Can anyone recommend systematic attempts to explore how close this correspondence might be?

Of the usual pop psychology examples of overresponse to partial reinforcement, it looks to me as though gambling truly is narrowly tuned to the PREE phenomenon, and is working essentially by fooling an agent designed to solve a bandit problem. Other examples, however, tend to be sufficiently ambiguous or contradictory in various ways that I thinksomething unrelated could be going on. Humans can respond to variety in all sorts of positive ways. E.g., (dammit, I'm going blank on the name of) the classic confounding effect in industrial productivity studies where change itself, in either direction, can easily cause a positive effect independent of whether the new situation is objectively better in any useful sense.

Notice that successful gambling operations are contrived so that if you ever did discover even a small pattern (e.g., 53% success instead of 48%) it follows by perfectly correct analysis that the discovery would be enormously valuable. Under such extreme conditions, even a small nudge from a simple n-armed bandit heuristic (like a nagging intuition corresponding to a high prior probability that high variance implies a significant probability of discovering something that improves performance by a mere 10%) can get amplified to dramatically wrong behavior. Also notice that there is a strong observed pattern of compulsive gamblers fooling themselves into thinking they are finding small patterns. If gambling were a case of partial reinforcement directly tickling purely subconscious deep structures unrelated to n-armed banditry, then "I'm onto the pattern" might still sometimes be used to rationalize the irrational behavior, but it's not clear why it would be a strongly favored rationalization (compared to, e.g., "risk taking makes me glamorous").
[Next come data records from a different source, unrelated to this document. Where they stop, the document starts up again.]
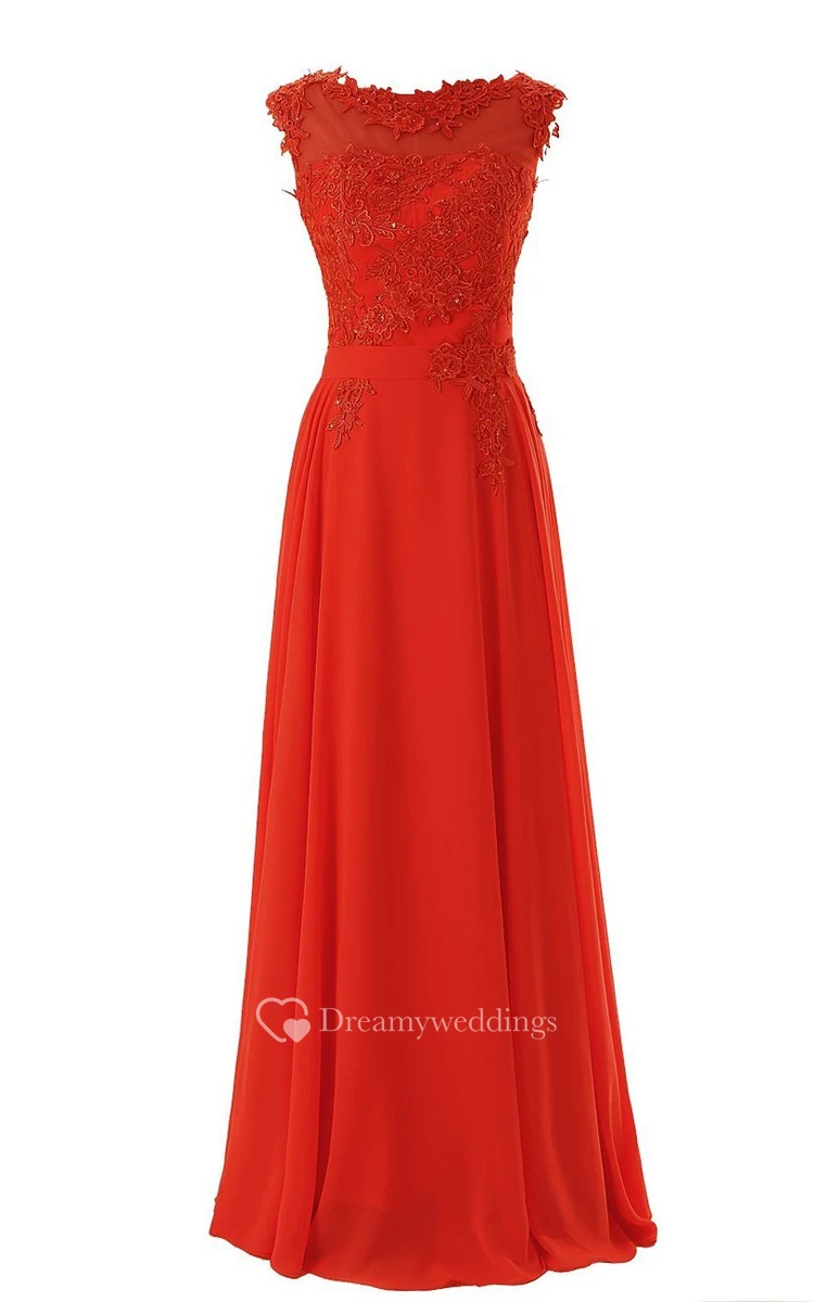 Cap-sleeve Bateau Neck A-line Dress With Lace Appliques
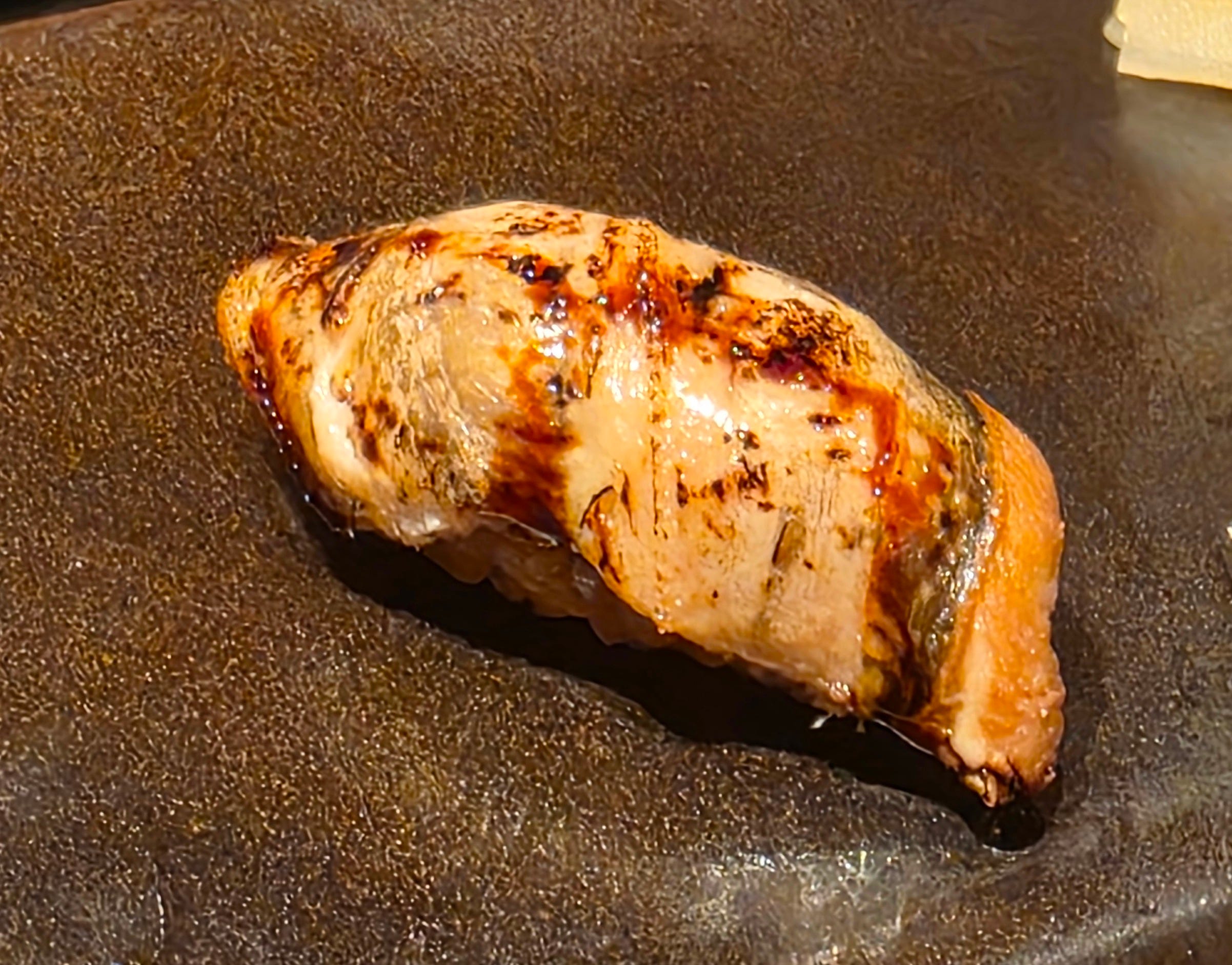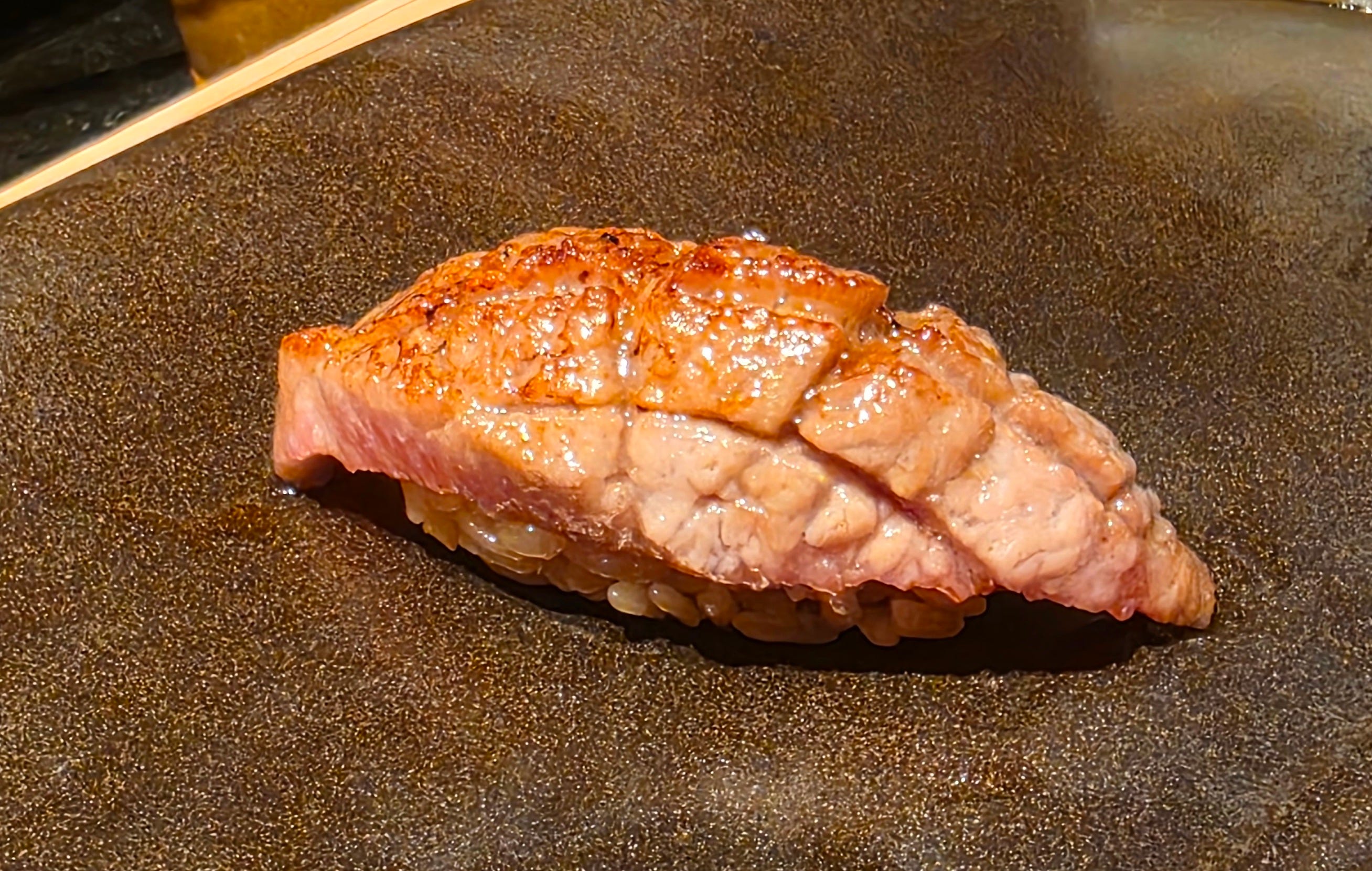 A piece of grilled eel nigiri, moving us toward the sweet end of the palate and toward dessert. I think this was the lighter and fluffier anago saltwater conger eel. Finished on the grill and served with a light coating of sticky sweet, kabayaki sauce, always a big hit.
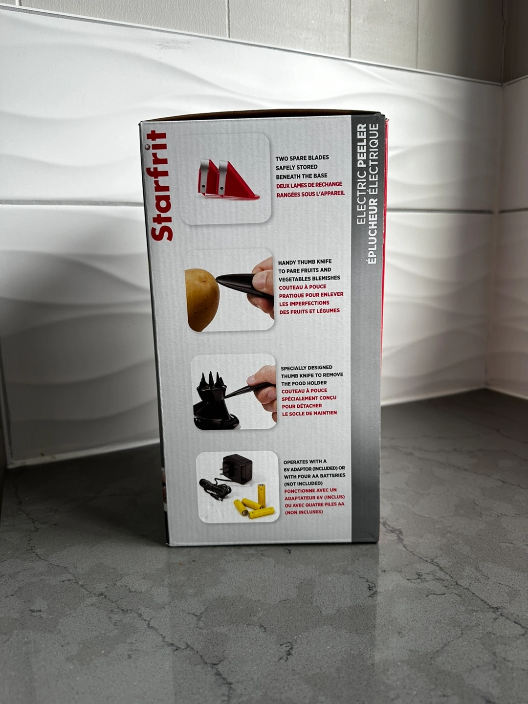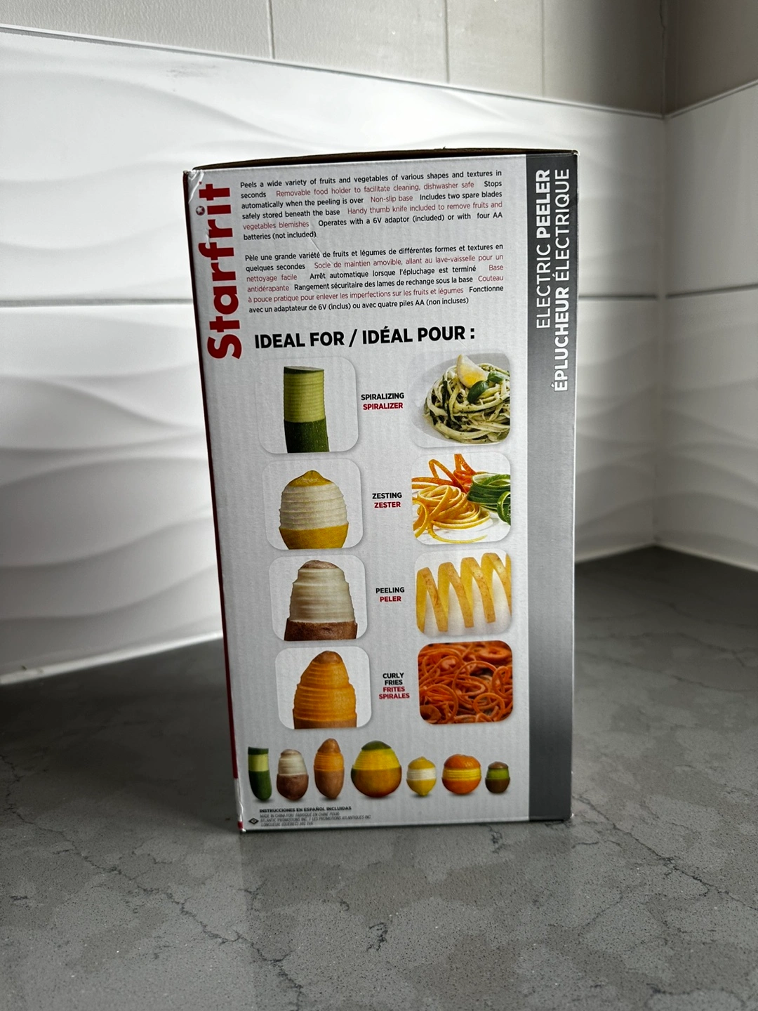 It safely peels potatoes, cucumbers, apples, pears, peaches, turnips, onions, tomatoes, radishes, kiwis and more.

Compare this to behavior patterns that aren't observed. E.g., I've never heard of anyone making cigarettes qualitatively more addictive by making them unpredictable, e.g., by selling mixed packs of placebo and nicotinic cigarettes. Could this be because there's no way for the robot to get rationally excited about the enormous upside of spotting a small pattern in such randomness? (And anything close to this which does succeed, e.g. toy prizes in cereal boxes, tends to be successful for only about as long as the robot's inputs from the world model let it be strongly uncertain about the upside..)

People do claim to spot partial-reinforcement-related phenomena in other behavior patterns which can't easily be explained as a bandit problem heuristic being tricked. E.g., people often accuse World of Warcraft and similar games of manipulating the intermittent reward mechanism to cause addictive behavior. WoW treasures are indeed randomized, and people do indeed become fascinated by the game, and I don't see how the robot could be getting excited about a huge upside of spotting the pattern. But WoW is in the entertainment industry. WoW developers could have saved a substantial amount of money by hiring far fewer artists to create far fewer kinds of trees and other decorations, but that it would be a bad idea. Hollywood could save even more money by aggressively reusing sets and actors and props and scripts between movies. Even in extremes like soap operas where many customers are looking for repetitive essentially-predictable escape, a successful entertainment product benefits from many kinds of variety. It seems to me that the positive importance of randomizing treasures needn't be explained by partial reinforcement any more than the positive importance, in a soap opera in which villains walk onto the stage in hundreds of different episodes, of avoiding a clear pattern of villains entering stage right every single time.